Обсуждение: Partitioned Database and Choosing Subtables

Поиск
Список
Период
Сортировка

Partitioned Database and Choosing Subtables

От
Bill Thoen
Дата:
I've got a ver 8.4.5 partitioned data base with records organized by US
state, so the partitions are set up by state. When I query this database
and include  the key field that tells postgres what partition you ,
everything works as I expect. It searches only the specified partition,
and it's fast . But that's only if I use a constant, like this:

SELECT lions,  tigers, bears FROM WildLife
WHERE state_pt = 'CO';

What I want to be able to do is put this key value in a table and PG
look in whatever partition the column specifies, like so:

SELECT lions,  tigers, bears, statecode FROM WildLife
WHERE state_pt = statecode;

However when I try anything other than a constant, it search EVERY
partition, sequentially, which is not what I want it to do. So is there
any way to specify the partition to search using a variable/column name?

--
*Bill Thoen*
GISnet - www.gisnet.com
303-786-9961

Re: Partitioned Database and Choosing Subtables

От
Christophe Pettus
Дата:
On Mar 14, 2011, at 8:30 PM, Bill Thoen wrote:

> I've got a ver 8.4.5 partitioned data base with records organized by US state, so the partitions are set up by state.
WhenI query this database and include  the key field that tells postgres what partition you , everything works as I
expect.It searches only the specified partition, and it's fast . But that's only if I use a constant, like this: 
>
> SELECT lions,  tigers, bears FROM WildLife
> WHERE state_pt = 'CO';
>
> What I want to be able to do is put this key value in a table and PG look in whatever partition the column specifies,
likeso: 
>
> SELECT lions,  tigers, bears, statecode FROM WildLife
> WHERE state_pt = statecode;
>
> However when I try anything other than a constant, it search EVERY partition, sequentially, which is not what I want
itto do. So is there any way to specify the partition to search using a variable/column name? 

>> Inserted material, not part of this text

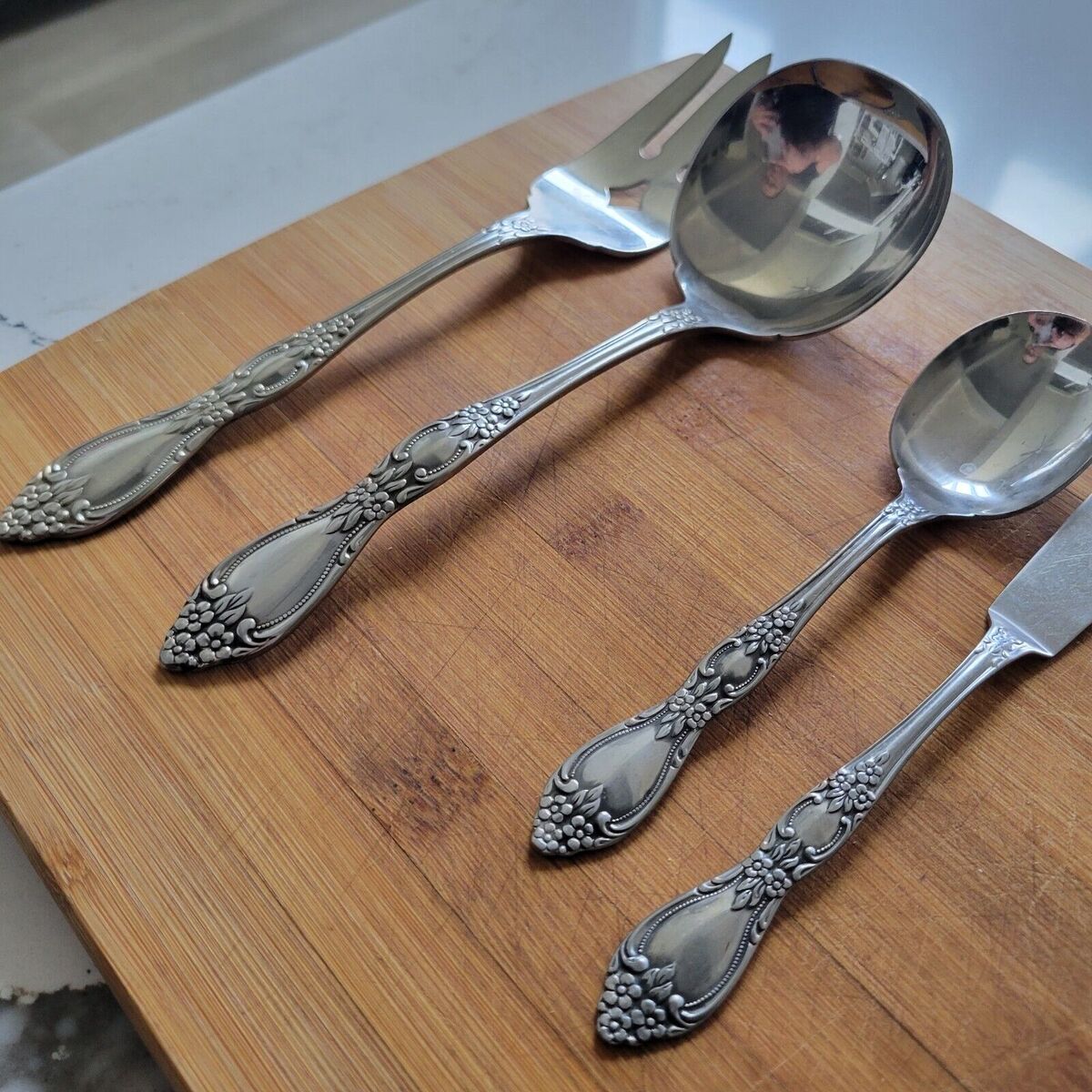 The set is in great shape and has been well taken care of. It is perfect for anyone who wants to add a touch of class to their dining experience. Whether you're hosting a dinner party or just enjoying a family meal, this Vintage Oneida by Rogers Stainless Steel Set of 4 Serving Set is sure to impress.

To answer the specific question you ask, you can always tell Postgres to search a particular child table:

    SELECT lions, tigers, bears FROM Wildlife_CA ...

But your example seems somewhat unclear to me.  Are both "state_pt" and "statecode" columns in Wildlife?  If so,
Postgresis going to have to search every partition, because it can't just from the partition constraint know which
entrieswill match and which do not until it looks inside every record. 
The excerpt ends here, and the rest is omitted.